**Recorded data**
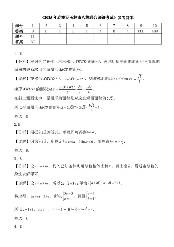 广西玉林市八校2024-2025学年下学期4月高一期中联测数学答案
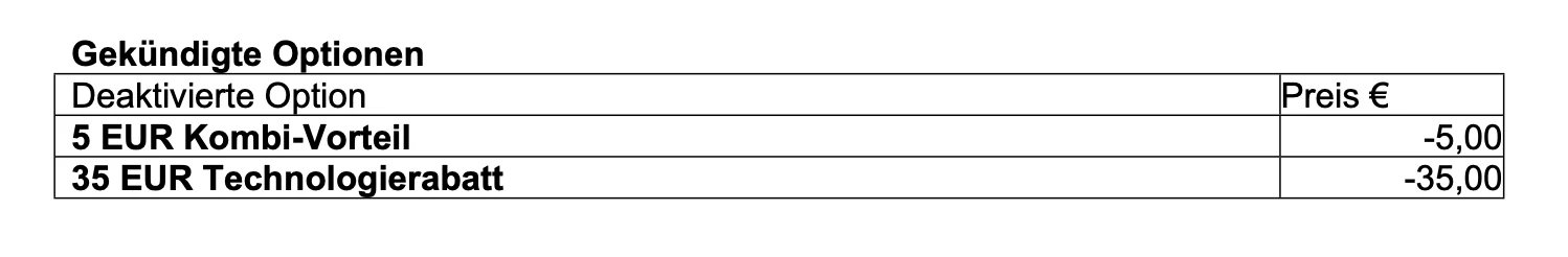 Bisherige Rabatte entfallen, neue Mindestvertragslaufzeit von 24 Monaten, neue Rabatte können vereinbart werden.
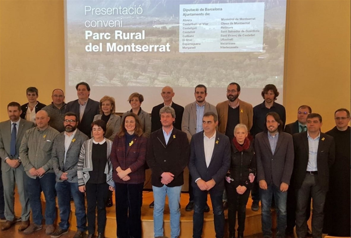 Los responsables de 16 municipios, en la constitución del Parque Rural de Montserrat.
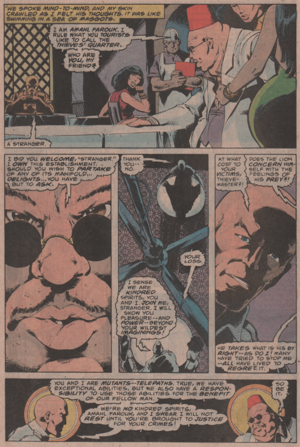 This reprint book gives us a tale from the youth of Professor Charles Xavier. But first, he’s talking with Lilandra in his office. You see, the X-Men are missing and presumed dead (after an altercation in the Savage Land). He then begins to think that maybe he should never have recruited them for his cause. His mind drifts back to a trip he made to Cairo years ago. As he was walking through the city, a girl (a young Ororo Monroe, A.K.A. Storm!) stole his wallet. He chased the girl down, and retrieved his wallet, but was struck down by a mental attack. He then makes his way inside a cafe to meet the person responsible. He then comes face to face with Amahl Farouk. He is a mutant, and a very powerful telepath, just like Xavier. The difference is that he’s evil, and uses his powers for personal gain. After a quick introduction, they meet on the Astral Plane for combat. The battle is fierce, but eventually, Xavier proves to be the superior combatant!
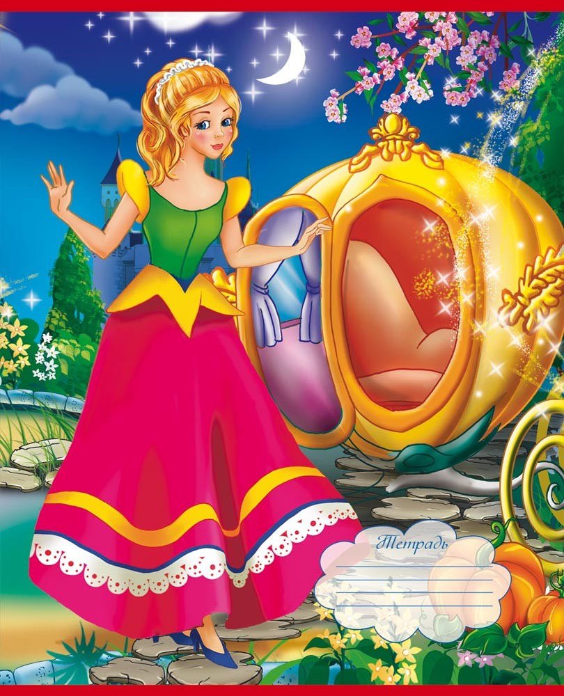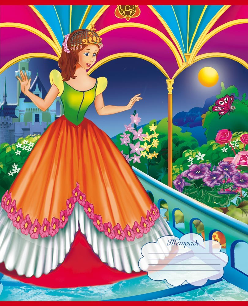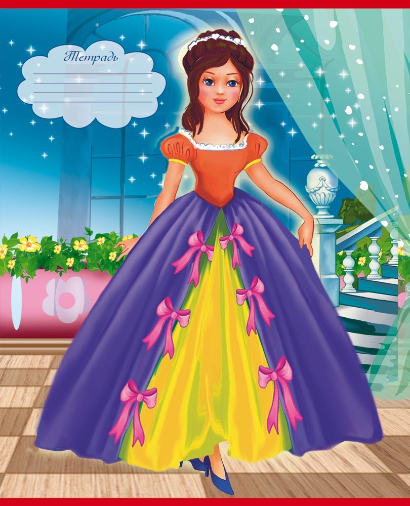 Хорошая тетрадь, на обложке платье принцессы и цветочки с блестками, что, кстати, не видно на фото, предлагаемое магазином
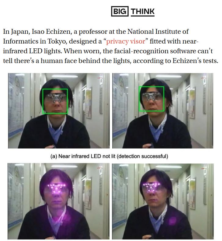 In realtà non è certo il primo “tentativo di ribellione”: di invenzioni per proteggere il volto ce ne sono molte, ma per lo più sono accrocchi (sotto un esempio in foto). Ciò che vale la pena di provare è il cappuccio della felpa con i mini led a contorno della testa che “bruciano” l’immagine del volto facendo vedere tutto bianco o tutto nero a chi spia.
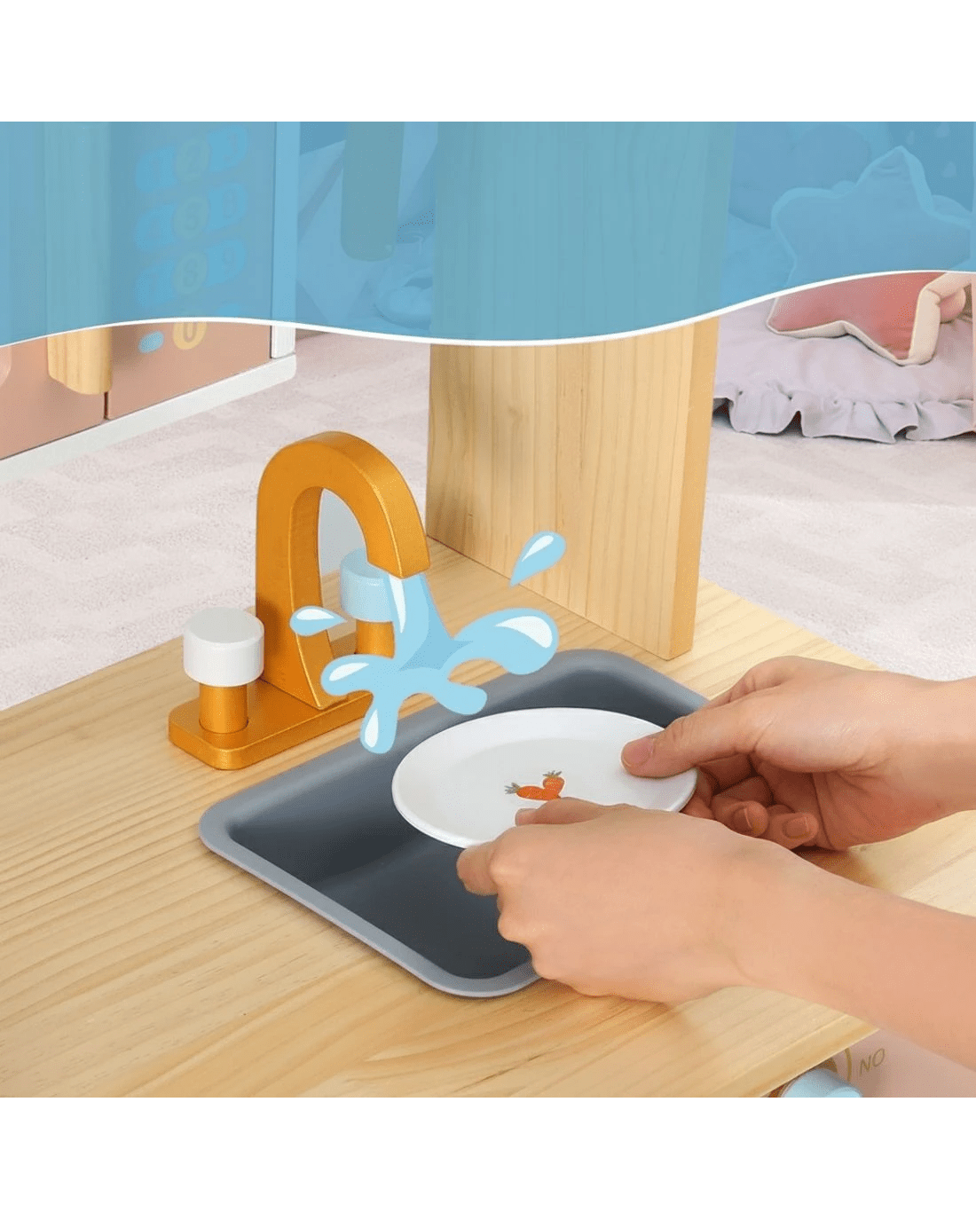 Keezi Kids en Pretend Kitchen Play Sets Cooking Toys Pot Pan Bowls Oven Dishwasher 80CM - Multi
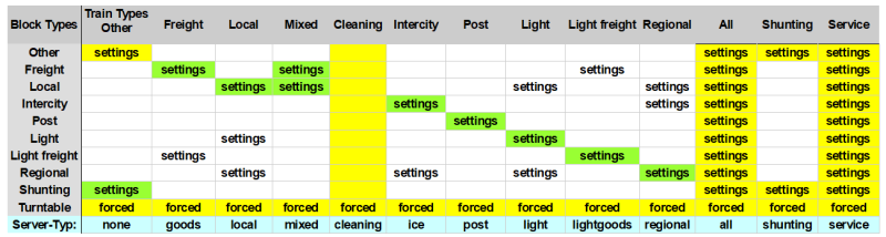 En plus des types de train mentionnés ci-dessous, le type tous obéit aux réglages d'attente dans tous les types de bloc. Pour les trains des types tous et wagon nettoyeur tous les types de blocs sont une destination préférée à condition que le même train était le dernier train entrant dans ce bloc.
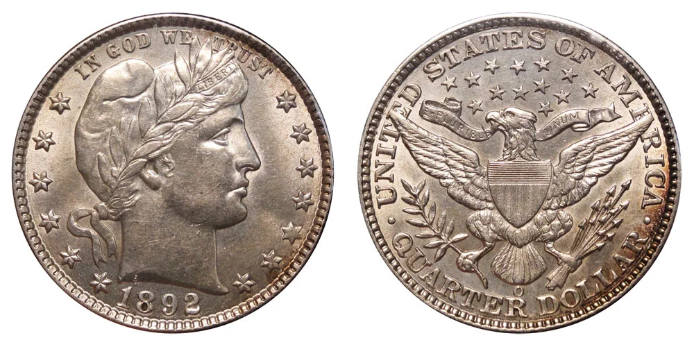 1892 O Barber Quarters
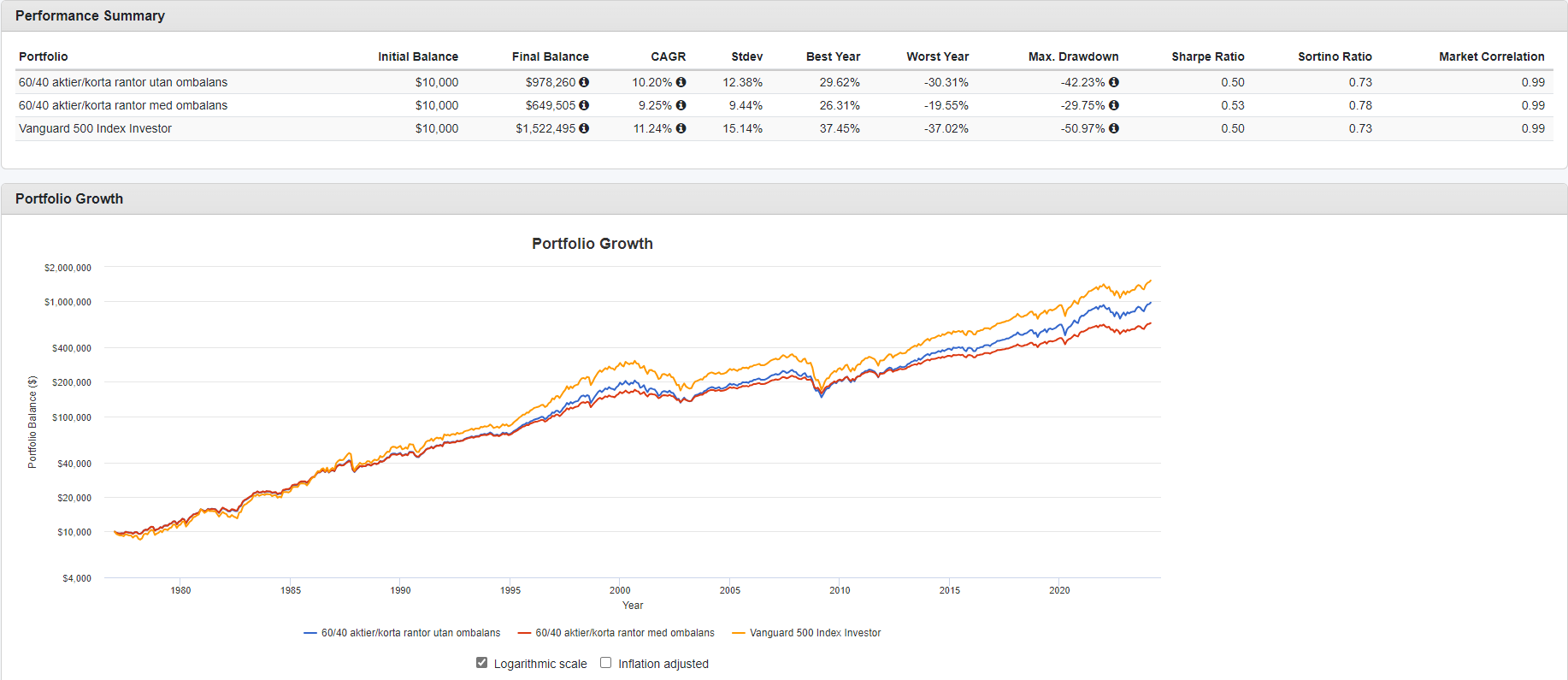 I praktiken skulle detta alltså innebära att ombalansering mellan t.ex. aktier och räntor inte lönar sig, eftersom skillnaden i förväntad avkastning är stor. Ett naivt sätt att bekräfta detta empiriskt är att backtesta en 60/40-portfölj med aktier/korta räntor, med ombalansering kontra buy-and-hold:
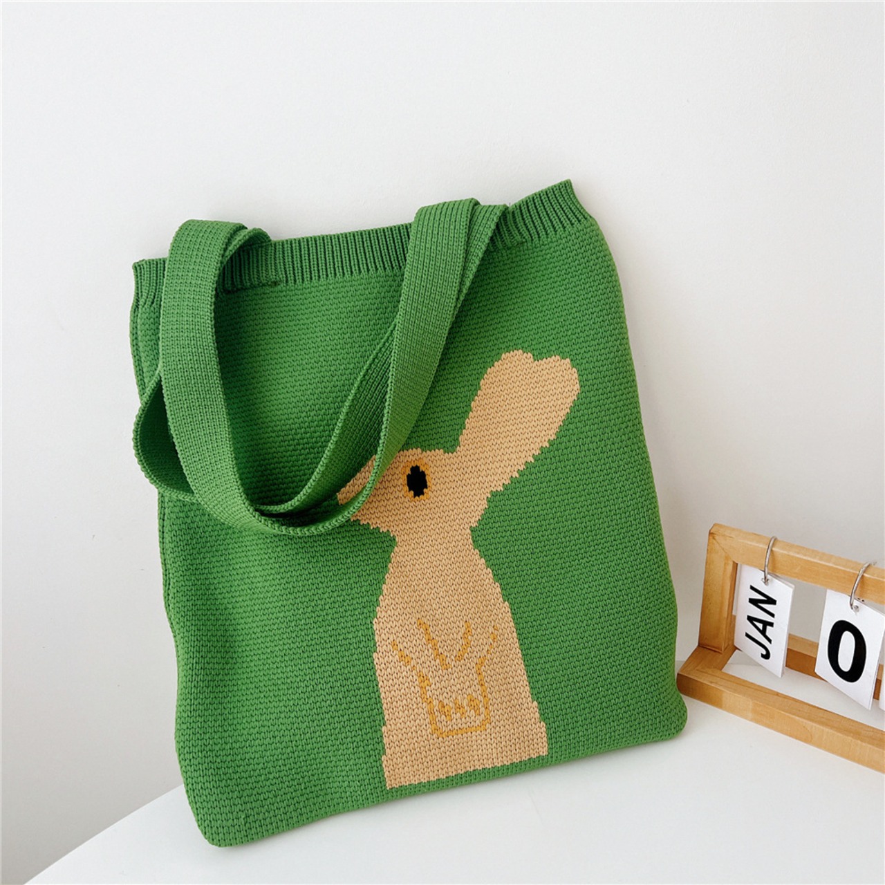 wbag-329 グリーン カジュアル ニットトートショルダーバッグ かわいい
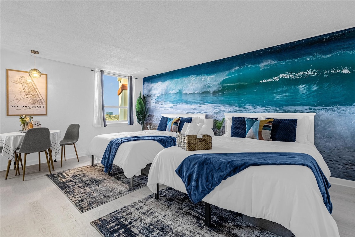 We are one of the closest airbnb to the boardwalk, OnThe Worlds Most Famous Beach with an open Pool 65inch Tv Come enjoy our Newly Furnished Studio with Amazing Top Floor Beach Views. We are the Closest AIRBNB on the Beach to the Daytona International Speedway With king bed and Queen sleeper sofa. Centrally located in the Heart of Daytona Beach. walking distance to the Pier Boardwalk, Restaraunts, and Main Street We have FREE parking for 1 vehicle and provide Coffee,Cream,Sugar,bch chairs
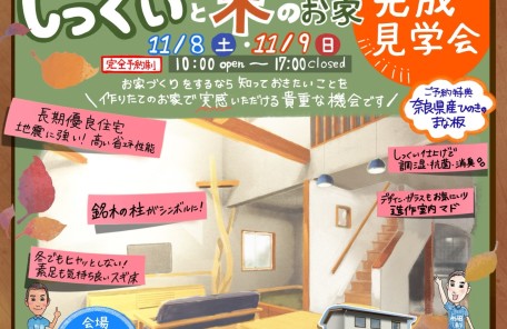 ヒノキの枝付き丸太が杉田工務店加工場に
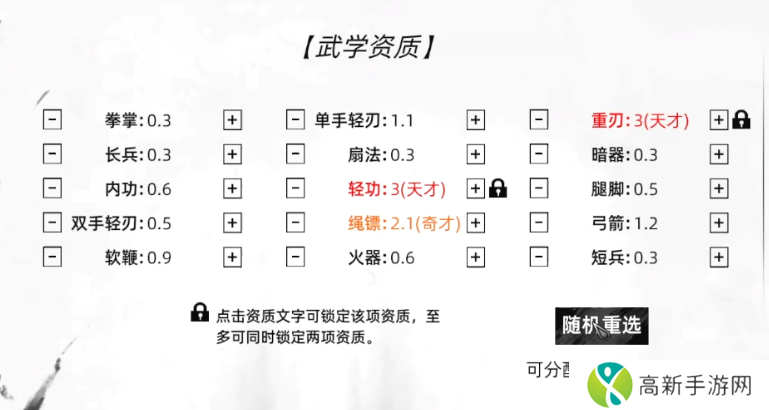 天纵之才:人杰之表,万中无一,天资聪颖,可提前解锁比当前武学境界高一级的装备类物品,无视其境界需求。消耗天赋点:3
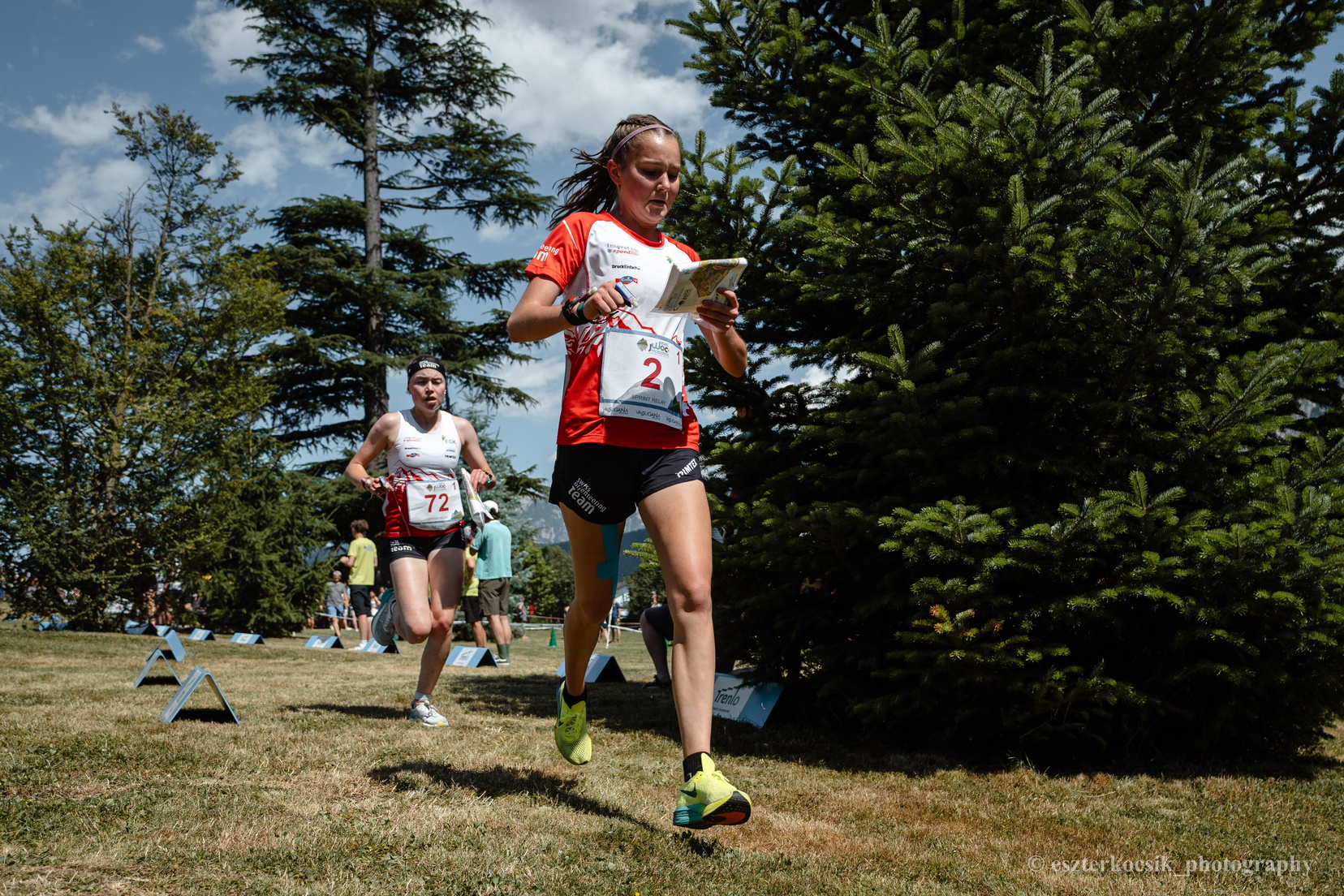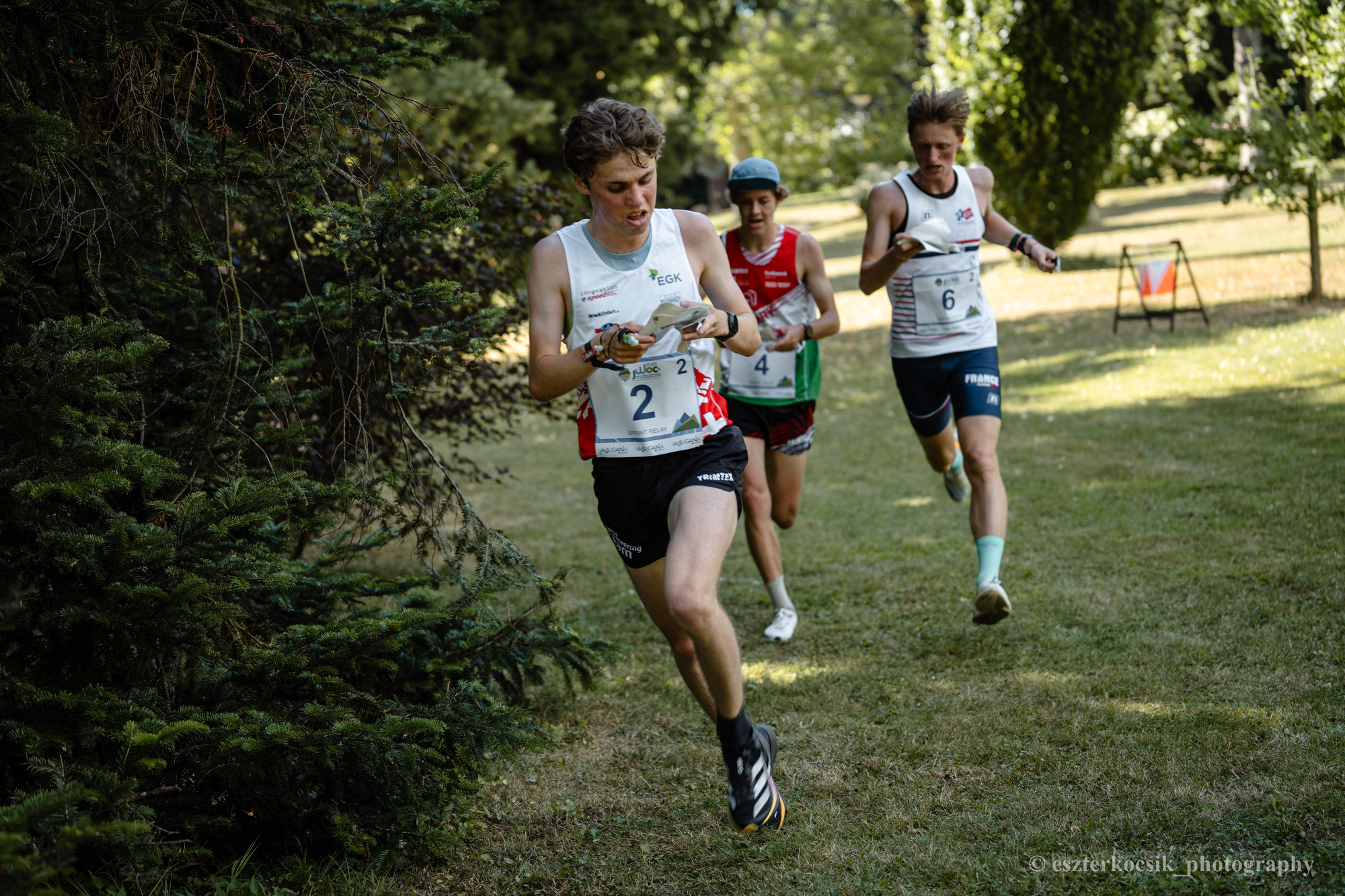In brütender Hitze – laut meteoblue.com betrug die gefühlte Temperatur 38 °C – liefen die Juniorinnen und Junioren mit der Sprintstaffel den ersten Wettkampf der diesjährigen JWOC. Die Bahnen beinhalteten spannende Routenwahlen und einen physisch und mental sehr anspruchsvollen Schlussteil. Die stechende Sonne und die Steigung liessen einige Athletinnen und Athleten an ihre Grenzen stossen.

**Your instructions**
The output should consist of the records above, reproduced exactly, without pictures.

**Answer section**
 广西玉林市八校2024-2025学年下学期4月高一期中联测数学答案
 Bisherige Rabatte entfallen, neue Mindestvertragslaufzeit von 24 Monaten, neue Rabatte können vereinbart werden.
 Los responsables de 16 municipios, en la constitución del Parque Rural de Montserrat.
 This reprint book gives us a tale from the youth of Professor Charles Xavier. But first, he’s talking with Lilandra in his office. You see, the X-Men are missing and presumed dead (after an altercation in the Savage Land). He then begins to think that maybe he should never have recruited them for his cause. His mind drifts back to a trip he made to Cairo years ago. As he was walking through the city, a girl (a young Ororo Monroe, A.K.A. Storm!) stole his wallet. He chased the girl down, and retrieved his wallet, but was struck down by a mental attack. He then makes his way inside a cafe to meet the person responsible. He then comes face to face with Amahl Farouk. He is a mutant, and a very powerful telepath, just like Xavier. The difference is that he’s evil, and uses his powers for personal gain. After a quick introduction, they meet on the Astral Plane for combat. The battle is fierce, but eventually, Xavier proves to be the superior combatant!
 Хорошая тетрадь, на обложке платье принцессы и цветочки с блестками, что, кстати, не видно на фото, предлагаемое магазином
 In realtà non è certo il primo “tentativo di ribellione”: di invenzioni per proteggere il volto ce ne sono molte, ma per lo più sono accrocchi (sotto un esempio in foto). Ciò che vale la pena di provare è il cappuccio della felpa con i mini led a contorno della testa che “bruciano” l’immagine del volto facendo vedere tutto bianco o tutto nero a chi spia.
 Keezi Kids en Pretend Kitchen Play Sets Cooking Toys Pot Pan Bowls Oven Dishwasher 80CM - Multi
 En plus des types de train mentionnés ci-dessous, le type tous obéit aux réglages d'attente dans tous les types de bloc. Pour les trains des types tous et wagon nettoyeur tous les types de blocs sont une destination préférée à condition que le même train était le dernier train entrant dans ce bloc.
 1892 O Barber Quarters
 I praktiken skulle detta alltså innebära att ombalansering mellan t.ex. aktier och räntor inte lönar sig, eftersom skillnaden i förväntad avkastning är stor. Ett naivt sätt att bekräfta detta empiriskt är att backtesta en 60/40-portfölj med aktier/korta räntor, med ombalansering kontra buy-and-hold:
 wbag-329 グリーン カジュアル ニットトートショルダーバッグ かわいい
 We are one of the closest airbnb to the boardwalk, OnThe Worlds Most Famous Beach with an open Pool 65inch Tv Come enjoy our Newly Furnished Studio with Amazing Top Floor Beach Views. We are the Closest AIRBNB on the Beach to the Daytona International Speedway With king bed and Queen sleeper sofa. Centrally located in the Heart of Daytona Beach. walking distance to the Pier Boardwalk, Restaraunts, and Main Street We have FREE parking for 1 vehicle and provide Coffee,Cream,Sugar,bch chairs
 ヒノキの枝付き丸太が杉田工務店加工場に
 天纵之才:人杰之表,万中无一,天资聪颖,可提前解锁比当前武学境界高一级的装备类物品,无视其境界需求。消耗天赋点:3
In brütender Hitze – laut meteoblue.com betrug die gefühlte Temperatur 38 °C – liefen die Juniorinnen und Junioren mit der Sprintstaffel den ersten Wettkampf der diesjährigen JWOC. Die Bahnen beinhalteten spannende Routenwahlen und einen physisch und mental sehr anspruchsvollen Schlussteil. Die stechende Sonne und die Steigung liessen einige Athletinnen und Athleten an ihre Grenzen stossen.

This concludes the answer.